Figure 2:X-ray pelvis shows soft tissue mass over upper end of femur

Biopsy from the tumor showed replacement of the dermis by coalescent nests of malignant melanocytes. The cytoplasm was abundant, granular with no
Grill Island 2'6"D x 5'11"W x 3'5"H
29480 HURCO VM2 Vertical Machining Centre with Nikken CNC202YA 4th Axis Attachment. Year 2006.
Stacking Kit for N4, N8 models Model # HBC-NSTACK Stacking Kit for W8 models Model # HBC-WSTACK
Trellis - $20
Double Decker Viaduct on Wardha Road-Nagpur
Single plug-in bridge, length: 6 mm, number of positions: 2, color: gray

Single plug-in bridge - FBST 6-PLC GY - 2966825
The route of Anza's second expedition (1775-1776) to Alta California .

- - -

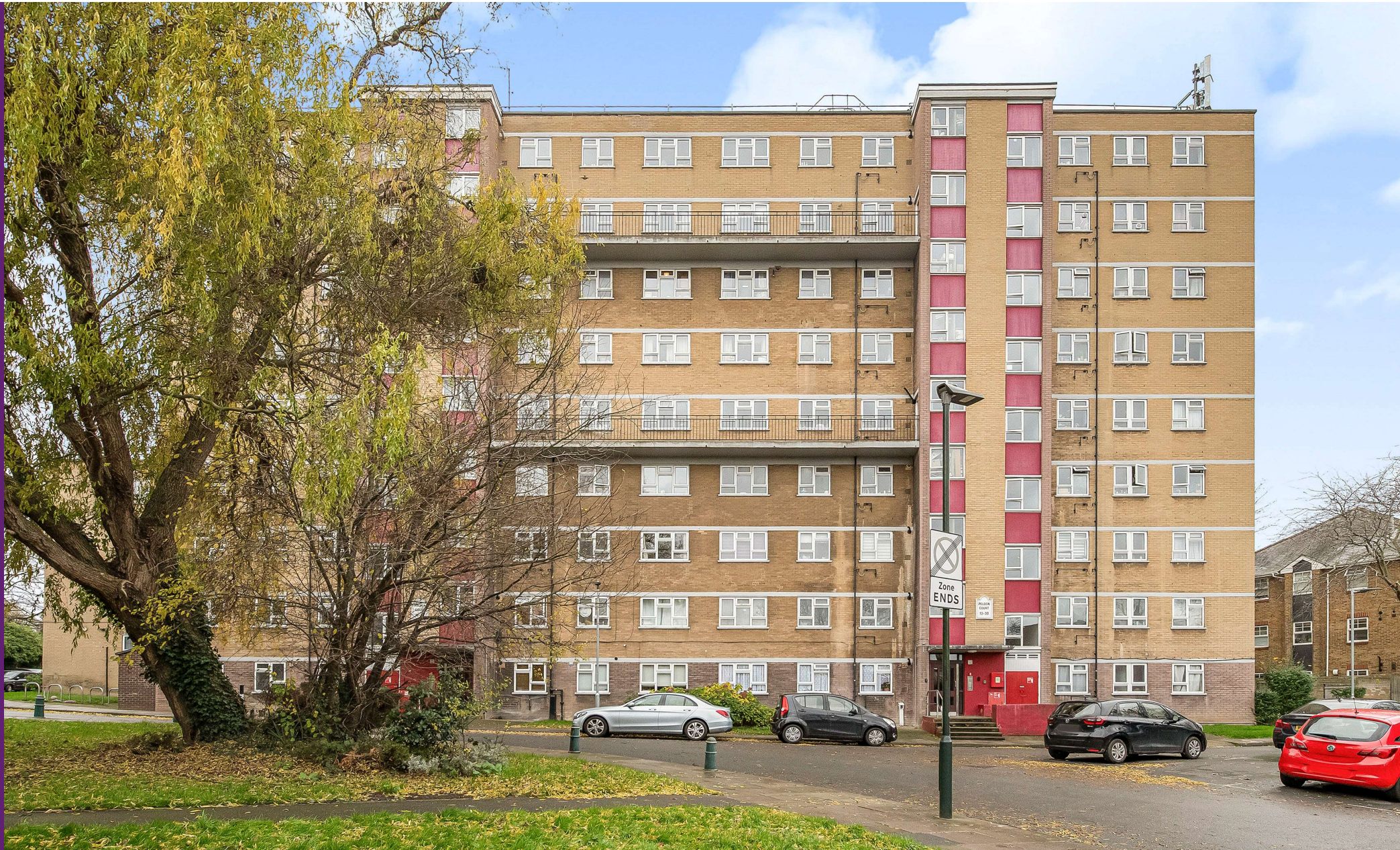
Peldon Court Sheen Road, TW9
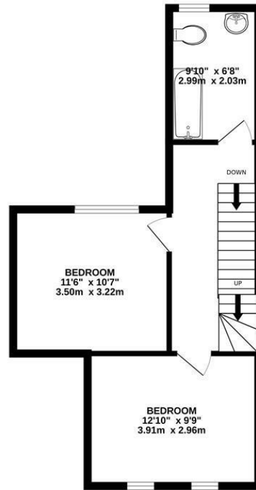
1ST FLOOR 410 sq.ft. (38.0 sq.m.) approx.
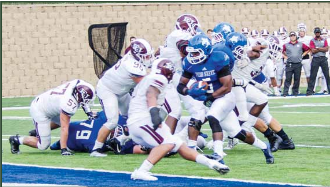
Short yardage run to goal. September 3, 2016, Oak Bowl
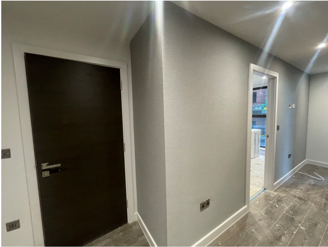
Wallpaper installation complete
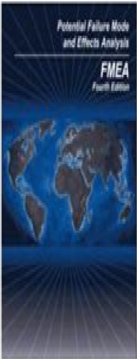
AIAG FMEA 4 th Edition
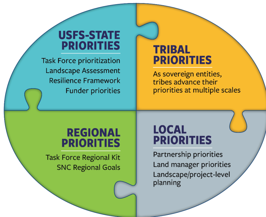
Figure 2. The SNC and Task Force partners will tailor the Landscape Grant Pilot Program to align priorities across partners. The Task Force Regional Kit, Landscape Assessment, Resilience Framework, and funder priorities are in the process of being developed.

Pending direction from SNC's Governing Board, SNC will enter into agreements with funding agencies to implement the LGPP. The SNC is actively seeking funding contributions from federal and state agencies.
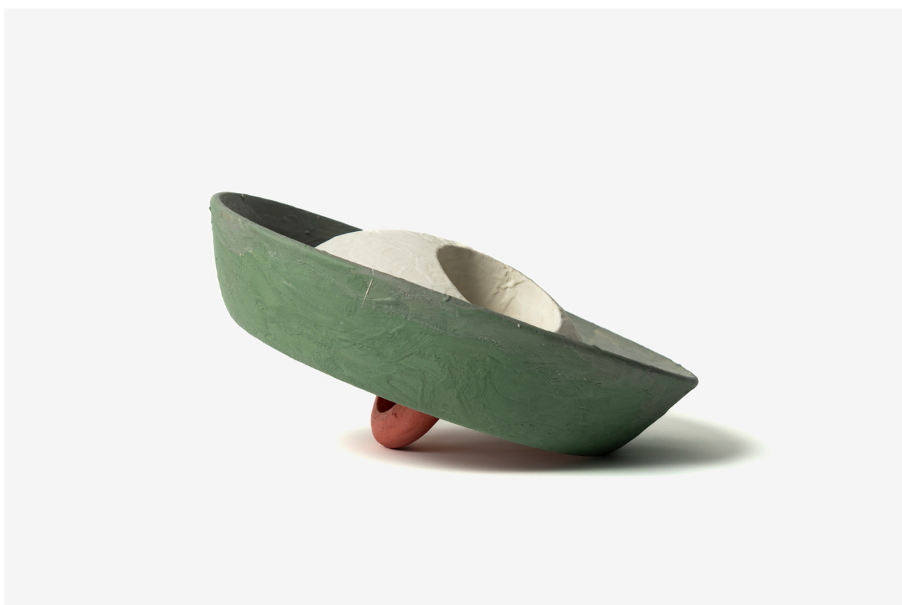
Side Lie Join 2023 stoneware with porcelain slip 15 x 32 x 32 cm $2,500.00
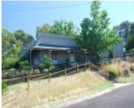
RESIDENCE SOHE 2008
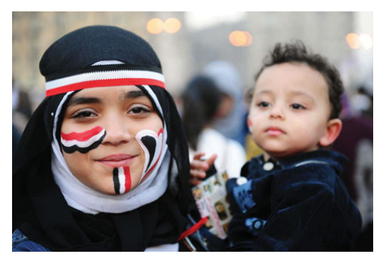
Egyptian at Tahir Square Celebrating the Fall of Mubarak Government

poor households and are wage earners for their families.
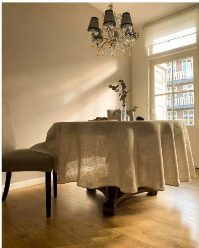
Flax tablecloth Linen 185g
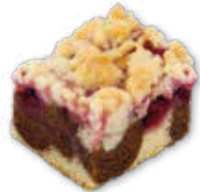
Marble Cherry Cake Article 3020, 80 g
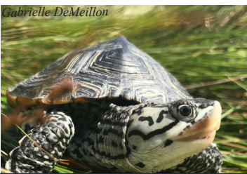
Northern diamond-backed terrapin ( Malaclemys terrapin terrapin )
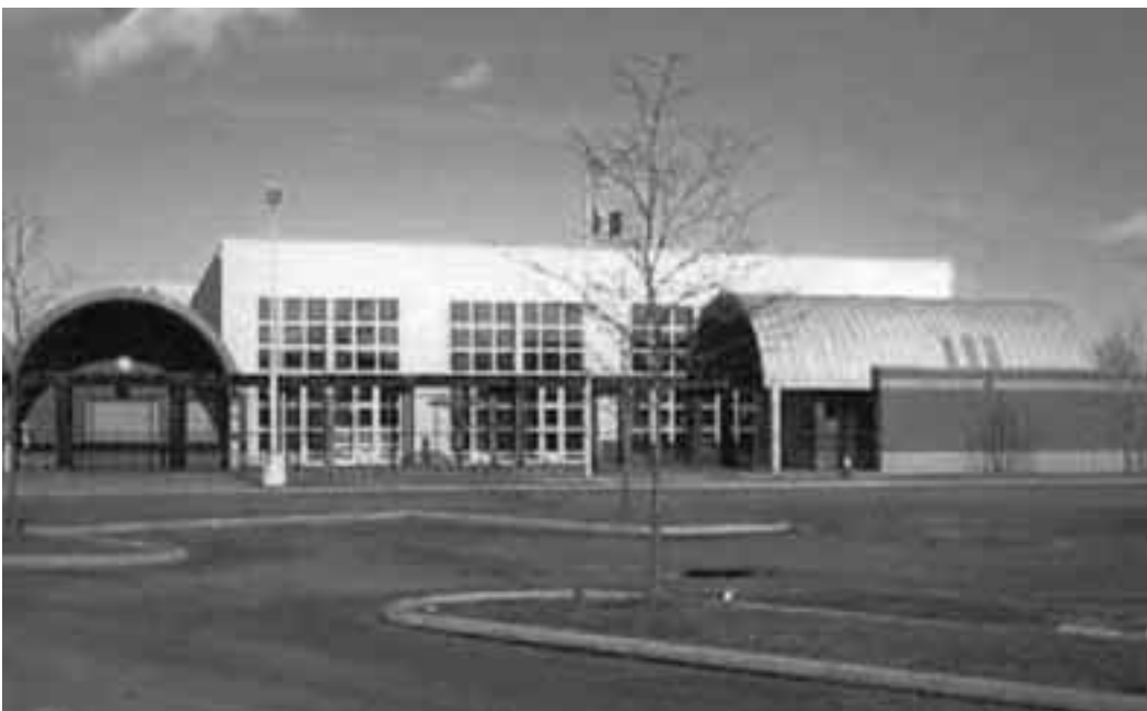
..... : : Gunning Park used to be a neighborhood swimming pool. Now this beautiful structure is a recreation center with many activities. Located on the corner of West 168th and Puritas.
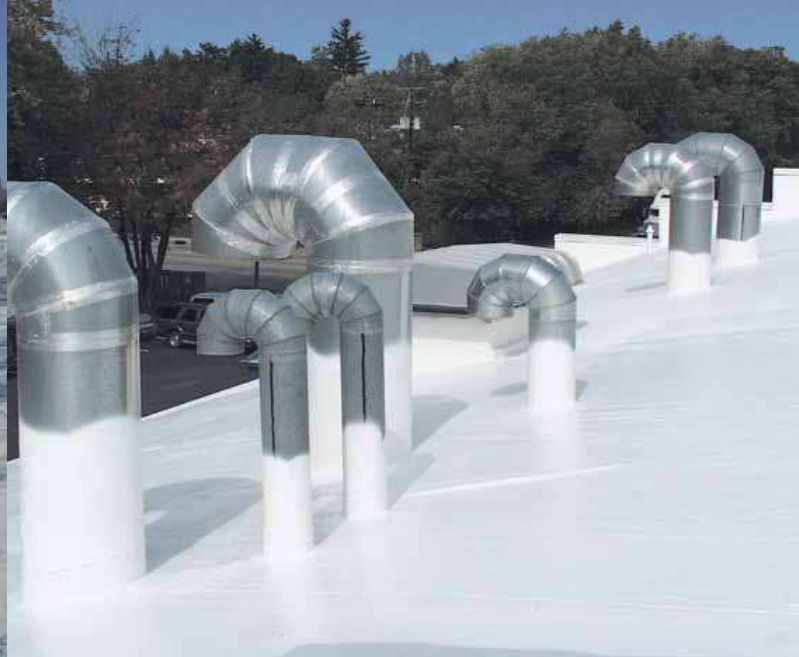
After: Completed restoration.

- - -

#### [Task description]
From the records above, print exactly the lines that run from the line with "Figure 2:X-ray pelvis" to the line with "Single plug-in bridge - FBST", inclusive.

#### [Your response]
Figure 2:X-ray pelvis shows soft tissue mass over upper end of femur

Biopsy from the tumor showed replacement of the dermis by coalescent nests of malignant melanocytes. The cytoplasm was abundant, granular with no
Grill Island 2'6"D x 5'11"W x 3'5"H
29480 HURCO VM2 Vertical Machining Centre with Nikken CNC202YA 4th Axis Attachment. Year 2006.
Stacking Kit for N4, N8 models Model # HBC-NSTACK Stacking Kit for W8 models Model # HBC-WSTACK
Trellis - $20
Double Decker Viaduct on Wardha Road-Nagpur
Single plug-in bridge, length: 6 mm, number of positions: 2, color: gray

Single plug-in bridge - FBST 6-PLC GY - 2966825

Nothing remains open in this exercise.